En 2022, le CHU de Lille tire la sonnette d’alarme sur l’augmentation de la consommation du protoxyde d’azote pour un usage récréatif. En trois ans, le nombre d’intoxications a triplé à Lille. En 2020, le CHU avait traité 11 cas d’intoxications au protoxyde d’azote, puis 44 l’année suivante et 130 en 2022.
C’est quoi le protoxyde d’azote, ce gaz dont on parle tant ? En fait, il s’agit d’un gaz utilisé en pâtisserie pour la chantilly ou en médecine pour anesthésier les patients. Si ce gaz surnommé « proto » ou gaz hilarant est à la mode, c’est parce qu’il est légal et pas cher. Bien qu’il soit considéré comme une drogue, son achat est légal. Mais le protoxyde d’azote dispose d’un important potentiel addictif.
« Le protoxyde d’azote provoque des sensations de plaisir un peu comme lors d’un état d’ébriété. Il peut y avoir aussi une distorsion sensorielle. On peut voir des couleurs qui ne sont pas là. », explique le Dr Scliffet, psychiatre-addictologue. Les effets du protoxyde d’azote sont temporaires et disparaissent rapidement. Ils durent entre quelques dizaines de secondes et une trentaine de minutes. Le protoxyde d’azote génère aussi des fous rires incontrôlables car, une fois inhalé, il prend la place de l’oxygène dans la circulation sanguine. Pendant la consommation, le sang manque donc d’oxygène. Considéré par les consommateurs comme moins dangereux que les autres drogues, ce gaz peut pourtant avoir de graves conséquences sur la santé.
Des conséquences irréversibles ?
L’impact du protoxyde d’azote est encore méconnu. Les professionnels de santé ignorent notamment si les conséquences sur les consommateurs sont irréversibles.
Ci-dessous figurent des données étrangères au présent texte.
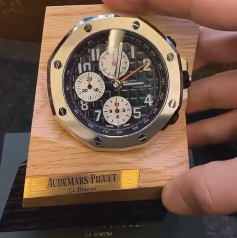 由於John Mayer收藏了許多AP愛彼的錶,相信他早就是品牌的VIP了,加上又是名人,所以品牌有什麼好康先想到他也是很合理的事,最近有錶友在愛錶咖上就分享了他看到John Mayer在個人Instagram的現實動態上發了一則動態是他收到了AP送給他的一款座鐘,他特別Tag了愛彼向他們致謝,並且還用”This is Great”來表達他對這份禮物的滿意程度。
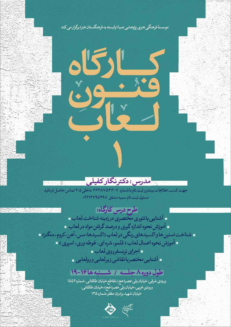 موسسه فرهنگي هنري صبا (وابسته به فرهنگستان هنر)، در ادامه برپايي کارگاههاي تخصصي هنرهاي سنتي و اصيل ايراني، کارگاه «فنون لعاب 1» را برگزار مي کند.
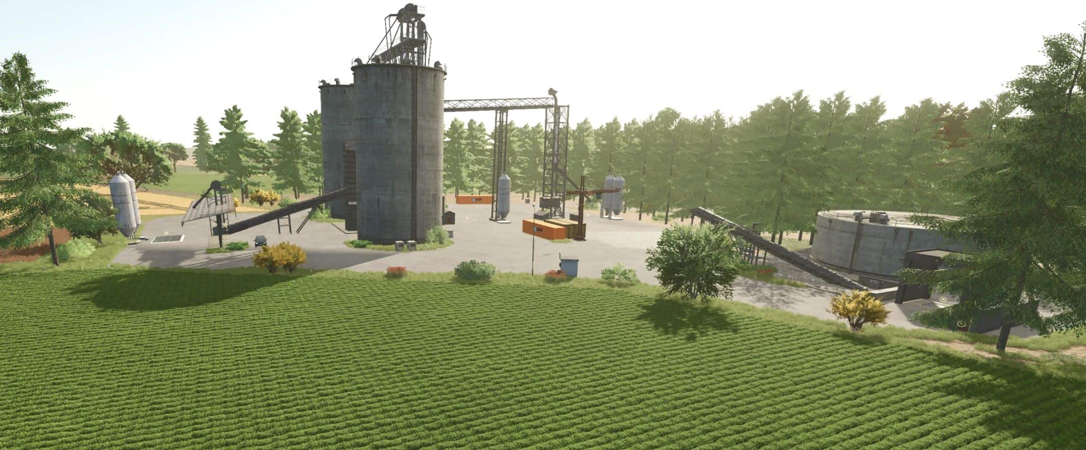 – In the center of the map, there is a starting farm with vehicles and 3 fields
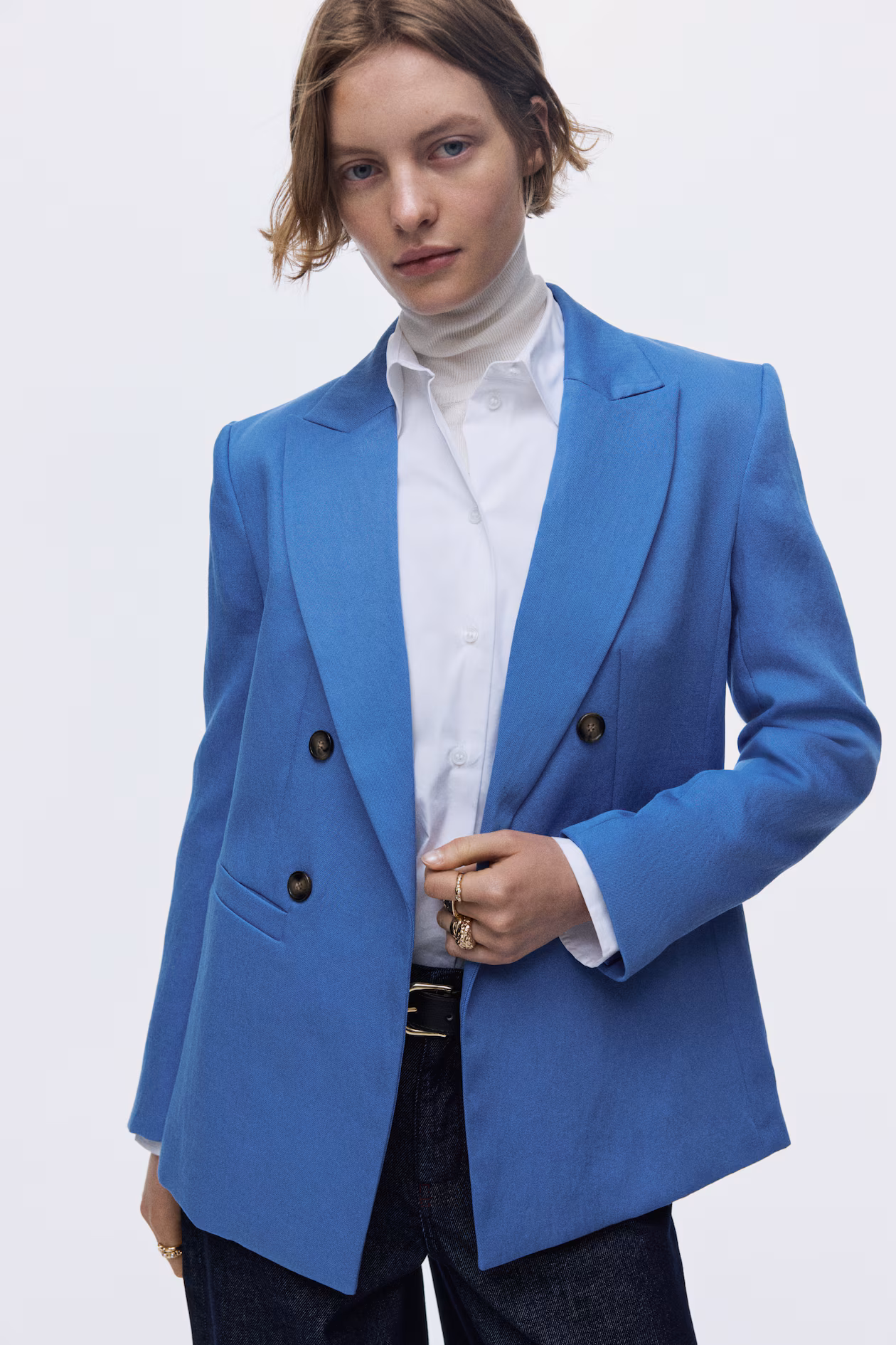 Double-breasted blazer in woven fabric. Pointed lapels, decorative buttons at front, and welt front pockets. Shoulder pads, long sleeves, and stacked buttons at cuffs. Lined.
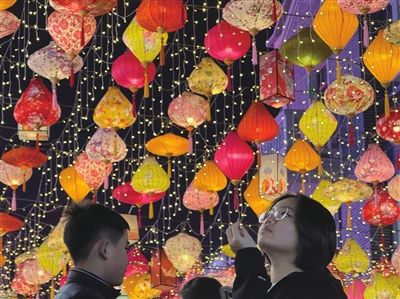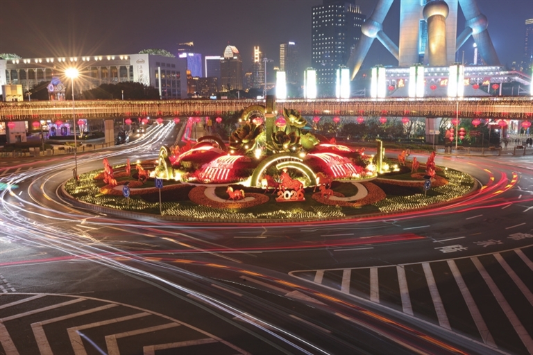 在陆家嘴,一组组马年主题雕塑与灯笼、绿植交相辉映,在现代天际线下跃动着喜庆的节日符号。移步莘庄,延续九载的光影盛宴如约而至。TODTOWN Mall天荟广场11米高的“醒狮夺魁”主灯气势夺目,仲盛世界商城北广场沿线锦鲤、萌马与财神灯组串联起“马上好运”“马上发财”的美好寓意,“马啸长空”灯组更以腾跃之姿成为夜色中的焦点。在张园,“福禄寿禧财”五福光影随昼夜流转的吉祥意趣,徐悲鸿笔下的骏马在《一马当先》光影秀中穿越多重奇幻时空。

Mais à long terme, les consommateurs risquent de développer une carence en vitamine B12. Cette vitamine est essentielle pour les nerfs et les neurones. La carence impacte notamment la moelle épinière. Elle peut engendrer de l’anémie et des troubles neurologiques (fourmillements, engourdissements, difficulté à marcher…).
« On peut développer une carence en vitamine B12 avec une consommation unique. », ajoute le Dr Scliffet. Ce n’est pas tout, la consommation de protoxyde d’azote provoque aussi des troubles moteurs. Ce gaz à l’air inoffensif peut même faire perdre aux consommateurs leur capacité à marcher. Avant de ne plus pouvoir marcher, les utilisateurs réguliers ressentent tout d’abord une désensibilisation progressive de leurs extrémités.
La prévention comme solution
Si dès 2021, la vente de cartouches de protoxyde d’azote a été interdite aux mineurs qui comptent parmi les plus gros consommateurs, juridiquement l’encadrement s’avère laborieux. « C’est un gaz qu’on ne peut pas interdire. On l’utilise à des fins médicales pour l’anesthésie. Il devrait y avoir une loi pour réduire l’achat des majeurs à 10 cartouches. Mais avec internet c’est difficile à surveiller. Beaucoup de jeunes se fournissent via Snapchat. On trouve même des packagings liés à l’usage récréatif. »
Pour lutter contre ce phénomène, les professionnels de santé misent sur la prévention. Leur recommandation principale : plus de communication sur la dangerosité du protoxyde d’azote. Les personnes qui souffrent d’une addiction peuvent d’ailleurs suivre une thérapie ou avoir recours à des services d’aide anonymes et gratuits qui luttent contre les addictions. En dehors du CHU, plusieurs associations proposent leur aide aux consommateurs : Cedragir, Actions Addictions, les CSAPA du CHR de Lille et toutes celles de la métropole lilloise.